| 10:18 am on Apr 6, 2012 (gmt 0)|
It is about time that someone with adequate size go after not just spammers, but the fools that create and sell the tools used.
Hackers is a whole other ball of wax, but spammers at least have specific goal that can be tampered with. Money. The way to restrain these scammers is to make spamming and helping spammers "bad business".
As I spend a lot of time fighting among other spammers and building blocking tools, it seems close to insanity to merely keep spending engineering time on building more and more spam-blocking tools, rather than hitting the large and obvious ones where it really hurts them. Their pocket books.

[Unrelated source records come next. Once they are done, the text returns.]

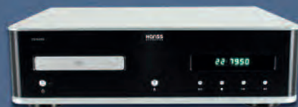
HANSS ACOUSTICS CD-20
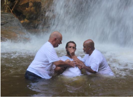
Doopdienst bij de waterval

We konden daar de aanwezigheid van God voelen toen we zagen hoe onze broeders publiekelijk hun geloof beleden in één God en in Jezus, de enige verlosser. Wij bidden dat onze gedoopte broeders zullen blijven groeien in de genade en kennis van God.
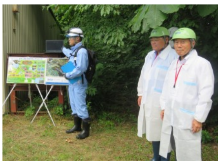
▲ピオトープを整備した工場内

◆積水メディカル(株)岩手工場 (岩手県八幡平市) 十和田八幡平国立公園に隣接する同社では、医薬品の製造を行っています。環境配慮型の技術を活用し、自然環境との調和を図りながら持続可能な生産活動を行っています。(7月28日)
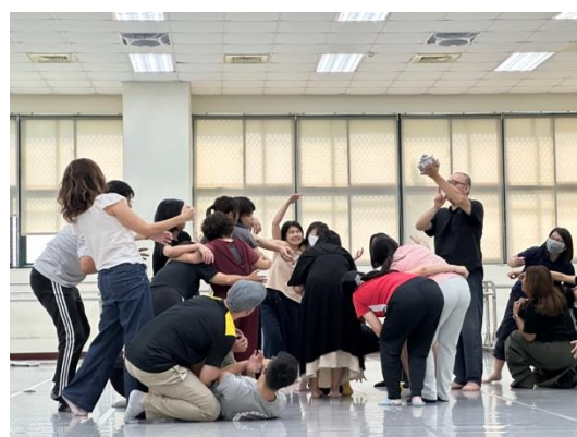
教學資源包研習馬拉松：默劇好好玩
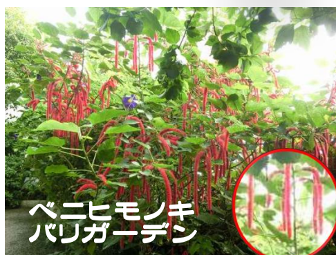
ベニヒモノキ バリガーデン
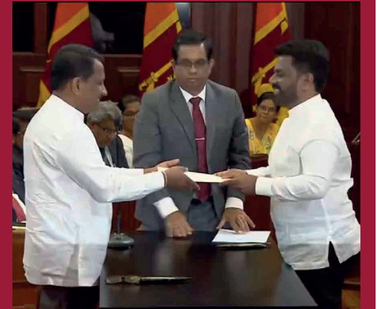
பெருந்தோட்ட மற்றும் சமூக உட்கட்டமைப்பு அமைச்சராக சமந்த வித்யாரத்த பதவியேற்றுள்ளார்.
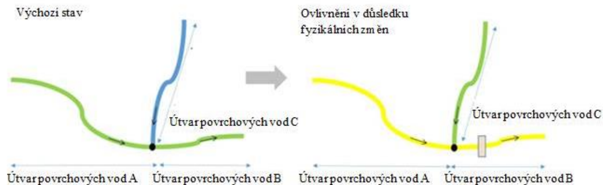
Obr. č. 1 Posuzování vlivu záměru na ostatní útvary povrchových vod

Obrázek č. 1 ilustruje příklad nové změny fyzikálních poměrů vodního útvaru (např. v důsledku navrhované přehrady ve vodním útvaru B), která bude mít za následek zhoršení ekologického stavu. Navazující útvary povrchových vod (A a C) jsou rovněž ovlivněny (např. z důvodu ovlivnění průchodnosti a důležitých biotopů), což vede ke zhoršení ekologického stavu útvarů A a C.

Same goes for tools such as crawlers running around doing automated site registrations, automated "article changers" and "article submitters", and similar junk.
And yes, you are right.. As I am sitting here watching spam logs fly by in window, the rates have definitely increased as of late.

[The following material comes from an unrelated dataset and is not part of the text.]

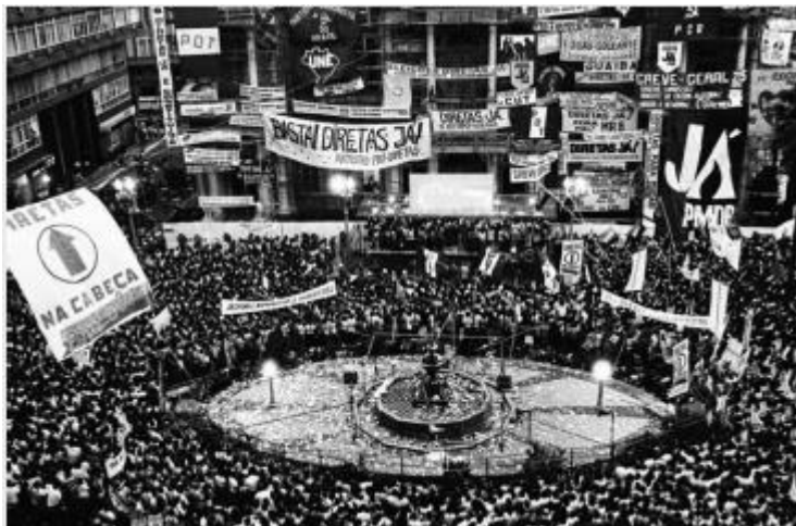
Comício pelas Diretas Já! 13/04/1984 Largo da Prefeitura de Porto Alegre-RS.

A imagem acima representa um dos aspectos que evidenciou a crise da ditadura militar, após 20 anos de vigência. Em relação ao processo de abertura democrática, analise as afirmações:
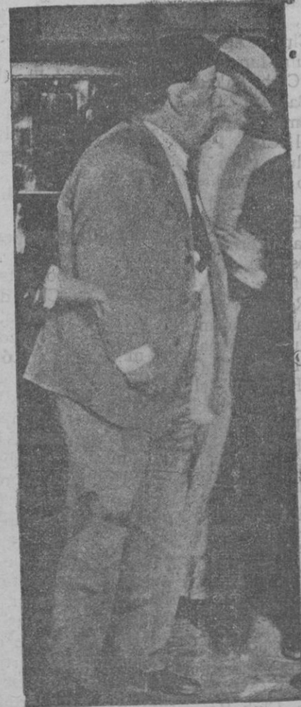
El general Saniurio, al llegar detenido, a Madrid

| 10:56 am on Apr 6, 2012 (gmt 0)|
I have seen a lot of "Someone running bad info about you..."
| 12:37 pm on Apr 6, 2012 (gmt 0)|
There is lots of easy money can be created by spamming; that's the reason for increase in spam.
Here white hat people work hard to earn $1 when black hat people can earn $100 working same or less. Unfortunate, but true :(
| 12:45 pm on Apr 6, 2012 (gmt 0)|
Simplest solution is to sandbox new accounts / new tweets that post on trending topics.

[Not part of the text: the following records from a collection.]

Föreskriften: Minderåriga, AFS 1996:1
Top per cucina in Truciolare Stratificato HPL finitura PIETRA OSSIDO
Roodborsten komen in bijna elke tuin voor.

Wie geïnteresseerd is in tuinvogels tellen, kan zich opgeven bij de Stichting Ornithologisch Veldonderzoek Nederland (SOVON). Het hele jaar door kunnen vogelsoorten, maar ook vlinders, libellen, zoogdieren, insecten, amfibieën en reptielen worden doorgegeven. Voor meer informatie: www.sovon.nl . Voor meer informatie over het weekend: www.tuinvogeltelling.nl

Majority of spam seems to be trend following, where a new account starts spamming
Have you seen the new video of #ACelebwhoistrending (spam link)
Those appear instantly once a name is trending. If twitter held all new account / new posters tweets for two hours it would eliminate that type of spam. It's not rocket science.
I don't mean hold all posts on trending topics - only those from
a) accounts created within the last few minutes that post on #trendingtag
b) sleeper accounts created within the last few months that have no posts, no followers that wake and post on #trendingtag
| 1:00 pm on Apr 6, 2012 (gmt 0)|
Those are good advises, however how will you deal with those not using any hash tag technique, blocking the individual user seems to be the only alternative.
| 3:41 pm on Apr 6, 2012 (gmt 0)|
Their block / spam reporting tool is useless too.
Quite often I will watch trending topic spammers and instantly hit the report for spam button.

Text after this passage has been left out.